Homeowners are having crucial insurance valuations carried out by companies whose staff lack professional qualifications and are not subject to industry controls.
The Property Institute has expressed concern about the growth of "sum-insured" valuation companies, and Land Information Minister Maurice Williamson has sought advice on the issue.
Since insurance companies began refusing to insure homes on a full-replacement, whatever-the-cost basis, in favour of a cap on how much they will pay out in the event of disaster, numerous private companies have started offering valuation services.

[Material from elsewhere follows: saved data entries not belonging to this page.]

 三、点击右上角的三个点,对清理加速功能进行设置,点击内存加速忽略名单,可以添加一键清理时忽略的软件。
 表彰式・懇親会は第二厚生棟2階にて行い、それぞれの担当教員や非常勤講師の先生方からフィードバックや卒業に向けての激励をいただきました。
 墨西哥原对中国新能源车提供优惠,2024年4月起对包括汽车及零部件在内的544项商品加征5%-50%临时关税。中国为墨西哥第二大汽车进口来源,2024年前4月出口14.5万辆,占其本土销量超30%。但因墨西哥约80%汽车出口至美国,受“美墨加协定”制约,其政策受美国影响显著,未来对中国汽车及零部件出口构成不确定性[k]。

However, some of them do not have registered valuers or quantity surveyors on their staff - and so cannot be challenged if they get their valuations wrong. If valuations are wrong, customers can end up underinsured if disaster strikes, or they may be paying more than they need to for a policy.

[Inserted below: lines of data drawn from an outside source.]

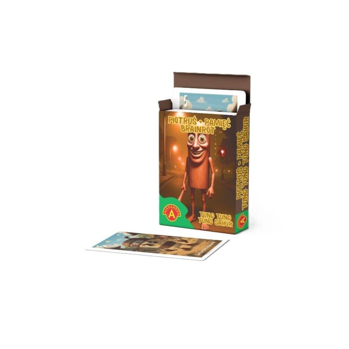 Karty Piotruś Brainrot Alexander Tung Tung Tung Sahur to klasyczna gra w nowej odsłonie, inspirowanej całym uniwersum Brainrot. Znane zasady łączą się tutaj z bohaterami, których dzieci rozpoznają z internetowych trendów, dzięki czemu zwykła talia kart zamienia się w dużo bardziej atrakcyjną zabawę. Gra sprawdza się zarówno jako Piotruś, jak i prosta gra pamięciowa, dlatego daje więcej niż jeden sposób na wspólną rozgrywkę. Krótkie partie pomagają ćwiczyć pamięć, koncentrację i spostrzegawczość, a przy tym utrzymują lekkie, zabawne tempo. To propozycja dla dzieci, które lubią karcianki, szybkie zasady i motywy inspirowane viralowymi bohaterami. Karty dobrze sprawdzą się w domu, na wyjazdach i podczas wspólnej zabawy z rodziną lub znajomymi. Najważniejsze cechy: - gra Alexander z serii Brainrot - motyw z postacią Tung Tung Tung Sahur - wariant Piotruś i pamięć - szybka rozgrywka i proste zasady - rozwija pamięć, koncentrację i refleks
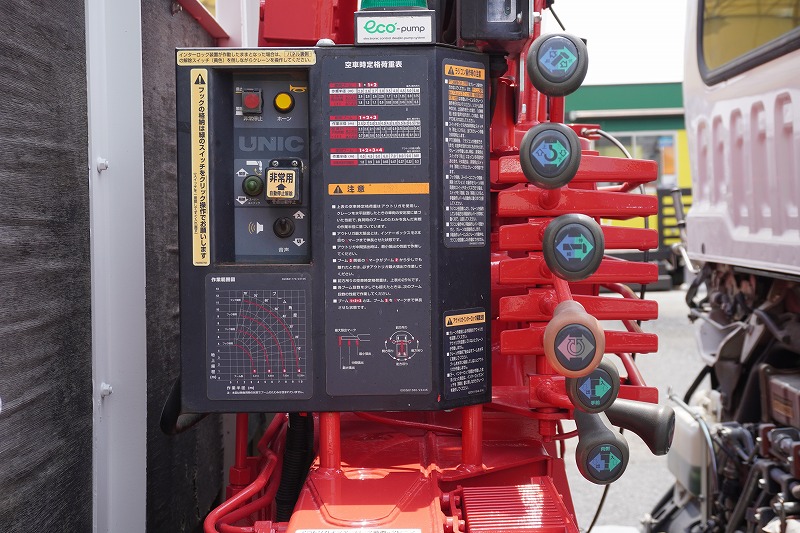 4t 寝台無し 4段ユニック 2.7トン積 5400mm長 リモコン フック格納 2.9トン吊 EZラック フック穴 |
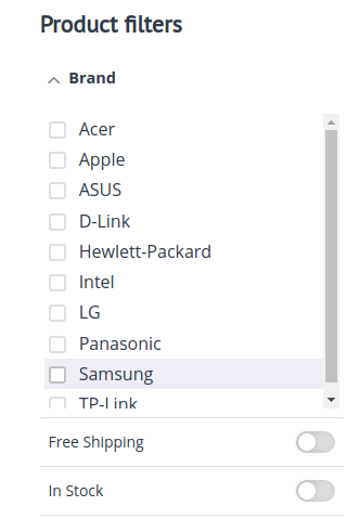 Sometimes, users prefer to search for a product in several categories at the same time. To avoid manual filtering, configure this option. Allow them to tick in several checkboxes to configure their search results and finetune selection.
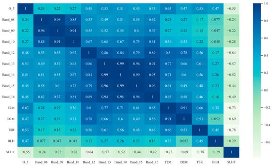 Evaluating and selecting features is crucial for maximizing the performance of a model and improving the accuracy of predictions. In order to ascertain the positive contribution of the selected features to the models, we evaluate them from two different perspectives. One way we analyzed the relationship between the features and the target variable was by calculating the Pearson correlation coefficients (PCCs), as shown in Figure 2. The PCC figure clearly demonstrates the strong correlation between the meteorological parameters, including the T2M, BLH, TSR, and BT data from band 12 and band 13, and ground-level O3 concentrations.

Wellington resident Tracy Hinton bought a report from one of the new companies, Sum Insured Associates, at a discounted rate through internet site Groupy.
She paid $387 for the report, which normally costs $774. "They were on site for no more than 30 minutes, they took measurements and asked if they could take photos too," Hinton said.
"[They] left saying that an email report will be sent within the week."
When it arrived, she was surprised by the lack of information in it, as well as inaccuracies. The report said the house had a open fire, which it does not, and did not mention anything about the building materials used, she said.
It estimated the sum insured at $424,000. But Hinton says she does not know if she can trust that figure. "I have no idea if it is right . . . I spotted one inaccuracy, what else is wrong?"
Sum Insured Associates director Scott Stevens said none of his staff were registered valuers or quantity surveyors.
He believed his firm could do a better job than most ordinary people at estimating how much a house should be insured for. "They can do it themselves or, if they want to go to the other extreme, they can get a valuer to do it."
In Hinton's case, he said the house did have an open fireplace, which had been blocked up by a gas heater. The company did not have indemnity insurance to cover mistakes and could not be taken to the valuers' disciplinary board if a property was underinsured as a result of its valuations, he said.
The Property Institute, representing valuers, said it was concerned by the growth of unqualified firms. Its chief executive David Clark said there was no regulation that specifically covered them. "There's nothing requiring that someone offering sum-insured valuations be a registered valuer or quantity surveyor."
There was also no requirement to have professional indemnity insurance. Williamson said last week it was the first time such concerns had been brought to his attention.
The Ministry of Business, Innovation and Employment said such services were covered under the Consumer Guarantees Act and Fair Trading Act.
"If the consumer can prove a breach of guarantee, they are entitled to remedies including consequential loss."
Over the past year insurance companies have moved almost completely to offering insurance on a "sum-insured" basis.
Previously insurers would pay to rebuild your home with no upper limit. Now the "sum-insured" value is as high as they will go.
The change was prompted by concerns from reinsurers after the Christchurch quakes.
Most sum-insured valuations are done by registered valuers and, if there is a dispute, customers can appeal to the Valuers Registration Board, which is responsible for discipline and standards.
Some businesses are offering valuations without being registered or having insurance to cover mistakes.